Foto ilustrasi: baonamdinh.vn

Setiap sore, aku sering berjalan-jalan di hamparan ladang nanas yang luas, memandangi hijaunya daun-daun nanas yang menjulur ke atas, menyambut terik matahari dan angin. Ladang kala itu bagai karpet hijau, membentang hingga cakrawala. Semilir angin sejuk berhembus, membawa aroma harum daun pandan yang manis dan menyengat, bercampur dengan aroma tanah yang kuat setelah dibajak. Di tengah hamparan luas itu, sesekali tercium aroma nanas matang, manis dan membangkitkan nostalgia. Nanas-nanas yang montok dan keemasan, berkilau di bawah sinar matahari yang kering, tampak menonjol di antara hijaunya dedaunan, membuat seluruh ladang tampak bercahaya. Di kejauhan, pegunungan Tam Diep menjulang tinggi di tengah kabut musim gugur, saling tumpang tindih namun lembut, bagai sahabat sejati yang melindungi ladang-ladang tanah air. Dalam pemandangan itu, hati manusia seakan tenang, membiarkan kenangan masa kecil mengalir kembali, murni, lembut, dan tak terlupakan.

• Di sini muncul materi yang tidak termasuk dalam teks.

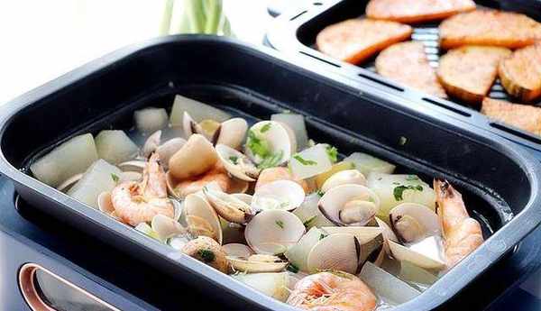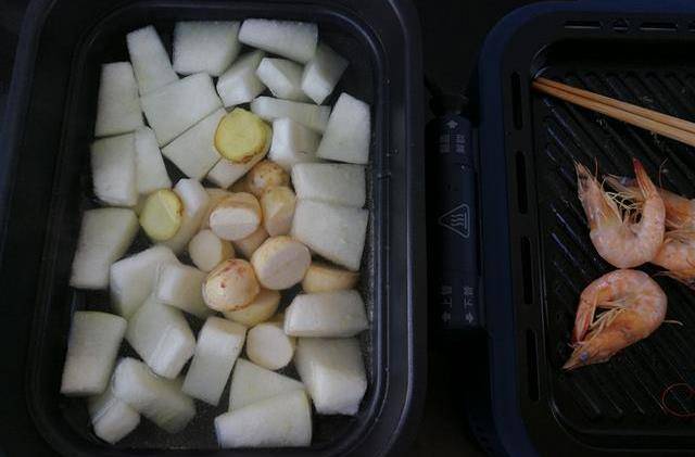 华凌新品仙贝多功能料理炉,咱天天都会想着怎样去折腾吃吃吃!第一次启动华凌新品仙贝多功能料理炉,就先来一个美食双飞宴——香芋冬瓜海鲜一锅端or玉桂烤南瓜,仙贝料理炉打成飞翔状后平放好,盖子那边用来煮食,料理炉加热很快,在冬季用来打火锅就不怕会冷场,在煮香芋冬瓜海鲜一锅端,由于是单独温控,主机那端也能同时开动,我就顺便做了个玉桂粉烤南瓜片,仙贝多功能料理炉用起来挺顺手了,好满意!

Hari ini, seluruh pasukan berlatih taktik dengan tekun di lapangan latihan, dan aku merasakan angin sejuk pertama musim ini. Di bawah sinar matahari kuning September yang kering, angin tiba-tiba bertiup, dengan lembut menyapu wajahku, melewati pinggiran topi pith-ku, lalu merayap ke setiap deretan pepohonan. Dalam sekejap, angin mendinginkan keringatku, membuat langkah kakiku di lapangan latihan semakin menggairahkan.

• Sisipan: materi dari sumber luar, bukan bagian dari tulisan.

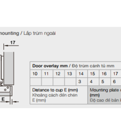 cao +2 mm (qua đế bản lề), điều chỉnh chiều sâu ±2 mm - Mô tả:bản lề trùm ngoài
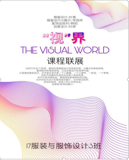 2020年11月30-12月8日,由叶茜老师、李勋祥老师、韩阳老师、叶婷老师指导的17服装与服饰设计3班橱窗设计课程、橱窗设计VR展示课程、配饰品陈列课程、创意设计课程四课程联展在万象城awc888教学楼一楼大厅展出。展出的一件件作品,不仅充分展现了班级同学的专业能力,而且有力体现了美院的艺术风采! 当你打开这个“视界”,看到的是橱窗设计的奇思妙想、VR展示的身临其境、配饰品陈列的视觉体验以及创意设计的各种可能...... 从思维创意到设计,也许是生活中某一个小画面、一个小摆件、一段话、一个表情......这些不经意的东西,往往会使人突发奇想,你可以将灵感迸发,再到体验亲身制作的过程。也许你在为设计实施而绞尽脑汁,也许想过放弃,但你依然坚持完成了你心中的作品,这就是“视界”的魅力。 此次展览一方面是为了向全学院展示我们陈列展示班级的学习成果,传播我们独特的课程文化;另一方面也是希望能与其他相关班级的同学老师们进行艺术交流,一同品味。 课程展出当天,引起了不少老师和同学们驻足,停下脚步欣赏的作品。通过这次课程展览,不仅仅让更多的同学们了解服装展示设计方向专业重要性、独特性、趣味性,也让大家都看到并认可同学们的专业能力和专业水平,更是提供了师生们互相交流的平台。同学们也因此领略到橱窗设计的魅力与理念,开阔了自己的眼界,欣赏了不同的课程文化。 (材料提供者:王欣雨)

Sang prajurit, yang terbiasa dengan terik matahari dan jam-jam latihan yang intens, kini merasakan kelegaan yang aneh ketika ia merasakan hembusan angin sejuk itu. Hembusan angin sejuk itu tak hanya mengusir panas, tetapi juga membawa relaksasi, membantu sang prajurit lebih mencintai kehidupan, tempat latihan, dan pekerjaan sehari-harinya. Saat itu, saya melihat senyum di wajah-wajah kecokelatan rekan-rekan saya, mata mereka berbinar penuh percaya diri, seolah hembusan angin sejuk itu telah membawa sumber energi baru.

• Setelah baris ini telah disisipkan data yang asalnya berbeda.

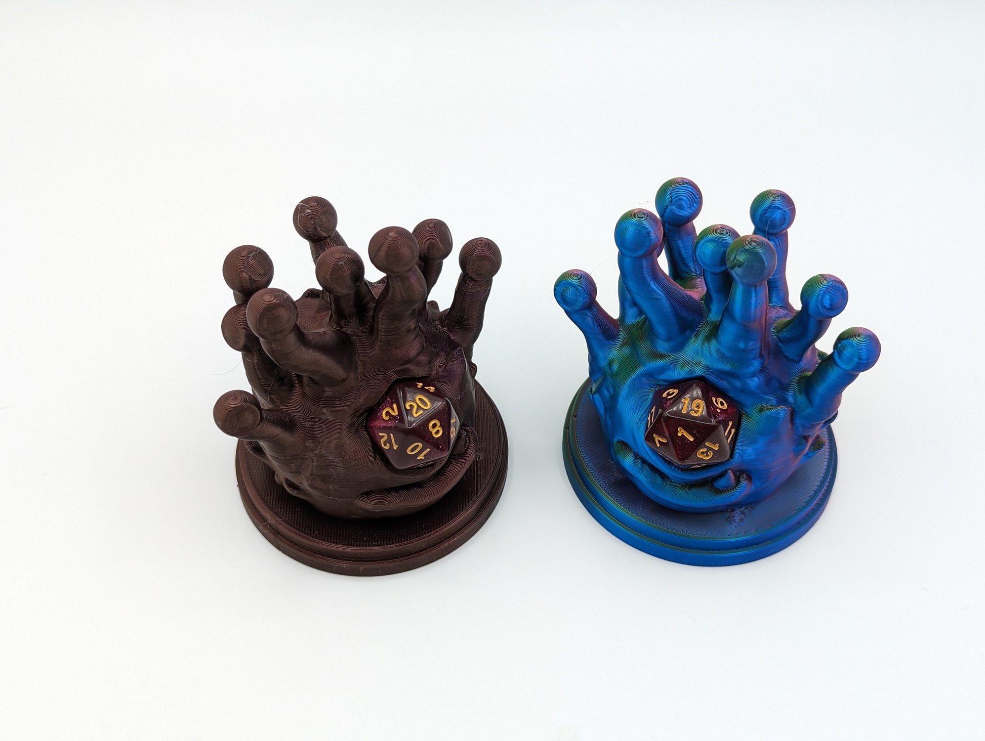Due to the nature of 3D printing, you may notice some lines or minor variations which add to the unique character of your Beholder Dice Guardian. If there are any obvious flaws, the piece will not be sold or will be listed as a faulty 3D print at a discounted price. Each dice guardian is printed with PLA that is environmentally kind and plant-based.

Barangkali, semilir angin musim gugur memang selalu begitu, sederhana namun mengharukan. Ia mengingatkan sekaligus hadir, dan ia memelihara emosi-emosi yang terpendam dalam diri setiap orang. Ketika semilir angin datang, musim gugur pun datang. Di ladang nanas yang hijau, berpadu dengan warna kuning buah yang matang, di kejauhan tampak pegunungan Tam Diep, dan di lapangan latihan yang dipenuhi sorak-sorai, semilir angin tetap sama—sebuah anugerah manis dari surga dan bumi. Dan dalam semilir angin itu, tiba-tiba aku merasakan hatiku lebih jernih, merasakan ikatan persaudaraan yang kuat semakin kokoh. Semilir angin berhembus, membawa keyakinan dan harapan, agar para prajurit dapat melangkah kokoh di jalan di depan.

LE VIET MINH HIEU

*Silakan kunjungi bagian Budaya untuk melihat berita dan artikel terkait.